Another team of scientists published the complete genome of the Tasmanian tiger in 2017, showing that it was 89 per cent the same as a Tasmanian devil but quite different from a wolf even though its head shape was virtually identical - showing that the two species evolved independently thousands of kilometres apart.

A New Zealand expert on ancient DNA, Otago Palaeogenetics Laboratory director Dr Nic Rawlence, said he opposed resurrecting extinct species because their spaces in the ecosystem had now been filled by others and research money should go to conserving existing species.

But Archer said somatic cell nuclear transfer was "another club in the bag" of tools that could be used to preserve endangered species, and the thylacine's extinction was so recent that no other species had taken its place.

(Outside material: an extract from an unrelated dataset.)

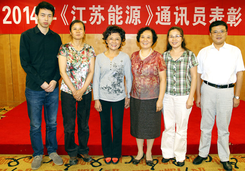 图示:协会副秘书长、《江苏能源》主编袁友芳(右3)与5位“优秀通讯员”合影

"The habitats that it occupied in Tasmania are still there and are still intact. The animals that it ate are still there. There is no competitor," he said.

"If you can bring it back, you could put it back in the same habitat."

Tasmanian tiger

The thylacine, or Tasmanian tiger, was Australia's top land predator until the dingo arrived about 3500 years ago. Photo / Getty
The thylacine, or Tasmanian tiger, was Australia's top land predator until the dingo arrived about 3500 years ago. Photo / Getty

Scientific name Thylacinus cynocephalus (thylacine).

Family: Marsupials. A relative of other Australian marsupials such as the kangaroo which all carry their young in pouches.

Size: About 60cm tall and 100-130cm long, weighing 20-30kg, slightly smaller than a grey wolf.

Markings: Dark stripes on its back, earning it the nickname "tiger".

History: Australia's top land predator until humans introduced the dingo about 3500 years ago. It became extinct on the mainland about 3200 years ago but survived in Tasmania until some time after the last captured animal died in Hobart Zoo in 1936.